Omaha Beach was the scene of the bloodiest fighting on D Day. Le Fournet is just a few minutes from Omaha and the excellent museum. No visit to Le Fournet would be complete without viewing probably the most historic beach in the world and the awe inspiring American cemetery that overlooks it.

A life long military archaeologist, your host Tony Graves, will be pleased to guide you around Point du Hoc, Omaha beach and the American and German cemeteries.
Please let us know in advance if you wish us to arrange a local tour, for which a nominal additional fee is charged.

Le Fournet is ideally situated to visit all the invasion beaches and the airborne landing zones. As you wind your way long the now so peaceful coastal road, you can still see evidence of the Longest Day, many of the older houses still carry “spang” marks in the stonework, made by bullets and shrapnel. Most of the churches have rebuilt towers and steeples- the Allies deliberately shelled the high buildings to prevent the Germans using them for snipers or observation posts.
The region has many memorial and museums. The recent 60th anniversary events in June 2004 has heightened interest in the Normandy invasion and many new exhibits opened in 2004.

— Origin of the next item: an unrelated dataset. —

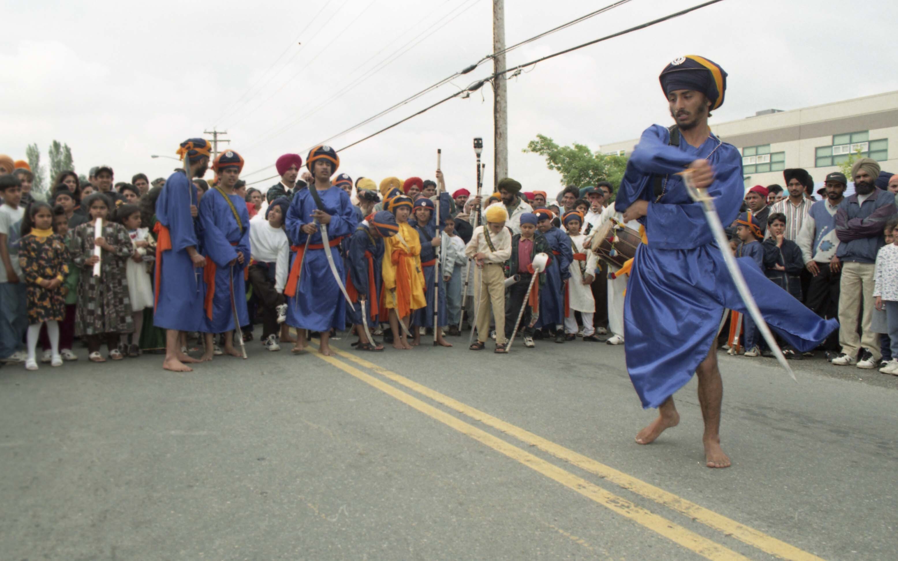 Photograph of an unidentified individual performing gatka at the Miri Piri Nagar Kirtan which took place in Surrey, British Columbia (B.C.). The Miri Piri Nagar Kirtan is an annual event which takes place in Surrey and is organized by the Guru Nanak Sikh Gurdwara (Temple).

If you wish to visit these historic sites, large scale maps of the landing areas are available and the distinctive road signs offer the easy to follow “Normandie – Le Debarquement” (Invasion) route from Ste Mere Eglise in the west to Pegasus Bridge on the River Orne.
We will be pleased to suggest places of interest.

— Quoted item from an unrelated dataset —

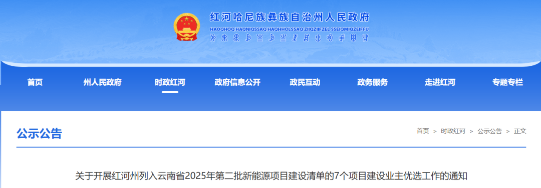 能源圈获悉,1月12日,红河哈尼族彝族自治州人民政府发布关于开展《红河州列入云南省2025年第二批新能源项目建设清单的7个项目建设业主优选工作》的通知。

There are many excellent guidebooks to the D Day landings, to suit all levels of interest. Don’t worry if you can’t find one in England, they are available in shops, cafés and garages throughout the area.
For the serious enthusiast, we recommend “D Day –Then and Now” by Winston Ramsey. This two volume work gives an incredibly detailed study of the invasion, with many hundreds of comparison photos showing the same spot in modern less turbulent times. It allows the reader to find and visit the exact locations and get a wonderful insight into how “it happened here”.